— Да, — сказала Мира. — Ты мой Trouble man.
— Я твой Trouble man, — сказал он удрученно. — Конечно. Я ведь ушел и оставил тебя на произвол судьбы.
— У нас бы никогда все так прекрасно не сложилось, если бы ты тогда не ушел, Trouble man, — сказала Мира, схватила его за руку и крепко сжала. — Если бы ты остался, то счастье, может быть, продлилось бы пару лет, а потом все стало бы привычным и пресным, скучным — таким, как чаще всего это и бывает. И вот мы встречаемся снова после стольких лет, и все идет по-новому, волнующе, чудесно. — Она наклонилась к нему и поцеловала его в щеку, долго и нежно.
— Trouble man, — сказал Фабер. — Ты это специально для меня придумала?
— Ничего я не придумывала. Я это слышала однажды.
— Слышала?
— Да, любимый, в Белграде в шестидесятом году.
— Я ничего не понимаю.
— Ты ведь знаешь Максвелла Андерсона?
— Конечно. Но какое он имеет отношение к Trouble man.
— Родился в тысяча восемьсот восемьдесят восьмом, умер в тысяча девятьсот пятьдесят девятом. Написал много социально-критических общественных драм и антивоенных пьес… — забубнила Мира.
— Это-то тут при чем?
— …комедий и трагедий в стихотворной форме о жизни — кроме всего прочего — Сократа, Иисуса Христа…
— Мира!
— …и Святой Иоганны. Кроме того, Андерсон написал либретто для многих знаменитых мюзиклов, в том числе либретто для «Затерянных меж звезд», музыка Курта Уэйлла, премьера состоялась в тысяча девятьсот сорок девятом…
— Мира! — закричал Фабер. — Ты что, с ума сошла?
— Слава тебе господи, нет, в любом случае пока нет.
— Тогда что же это было с Максвеллом Андерсоном?

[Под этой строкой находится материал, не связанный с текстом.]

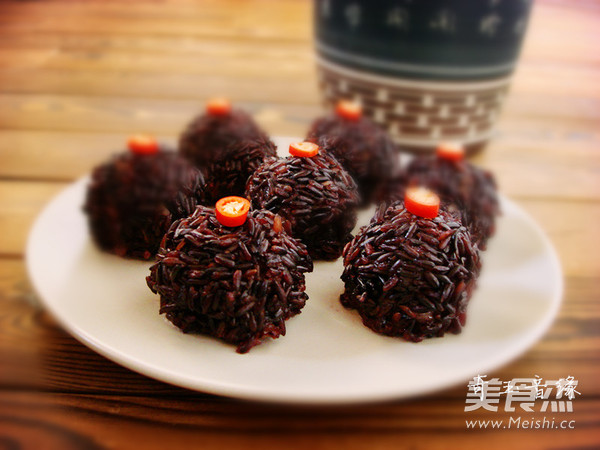 墨米也就是黑糯米,一定要提前泡一宿,那样口感才会软糯,蒸的时间长短根据丸子大小自己掌握!所有调料根据个人口味随意增减!

— Я проделываю такое время от времени. Я должна делать такое время от времени. Коль скоро я уже позабыла, как долго ты оставался в Люцерне и во сколько твой самолет тогда приземлился, то для меня служит маленьким, крохотным утешением то, что я еще помню про Максвелла Андерсона. Если долговременная память хорошая, то этим, конечно, трудно похвастаться, но все же, по крайней мере, она действует. В нашем возрасте стоит быть благодарным за все. Только попробуй утверждать, что ты сам не проводишь такие проверки!
«Итак, Мира тоже, — подумал он, разрываемый противоречивыми чувствами радости и озабоченности. — Гинкго-билоба, значит, она тоже».
— Естественно, — сказал он, — естественно, я тоже так делаю. Недавно вот с Джоном Драйденом.
— Вот, пожалуйста! Shake hands, brother! [115] Давай пожмем руки, брат! (англ.)
А теперь обрати внимание на захватывающий дыхание, потрясающе гладкий переход: в тысяча девятьсот шестидесятом году одна американская гастролирующая труппа приехала в Белград. Тогда-то я и посмотрела мюзикл «Затерянные меж звезд». Это было седьмого сентября шестидесятого года — я помню это до сих пор, что ты на это скажешь? Альцгеймер go home! [116] Проваливай домой! (англ.)
Нашей дочери Наде исполнилось тогда шесть лет… Я могла думать только о тебе. Поэтому эта песня и произвела на меня такое впечатление.
— Какая песня?
— «Trouble man», — песня из мюзикла; ее пела Ирина…
— Минуточку! — сказал Фабер. — Американская труппа была на гастролях в Белграде в шестидесятом году?
— Тогда американские труппы часто приезжали на гастроли! С другими мюзиклами! «Человек из Ла Манчи», например, его я тоже смотрела. И «Моя прекрасная леди».
— Американские мюзиклы в коммунистической стране? В самый разгар холодной войны?
— Это была совершенно особенная коммунистическая страна, любимый! Страна Тито. Коммунизм Тито. Тито, который так ловко жонглировал между Западом и Востоком. Тито, которого на самом деле звали Иосип Броз, родился двадцать пятого мая тысяча восемьсот девяносто второго…
— Остановись!
— …Тито и его супруга явились на югославскую премьеру «Затерянных меж звезд»…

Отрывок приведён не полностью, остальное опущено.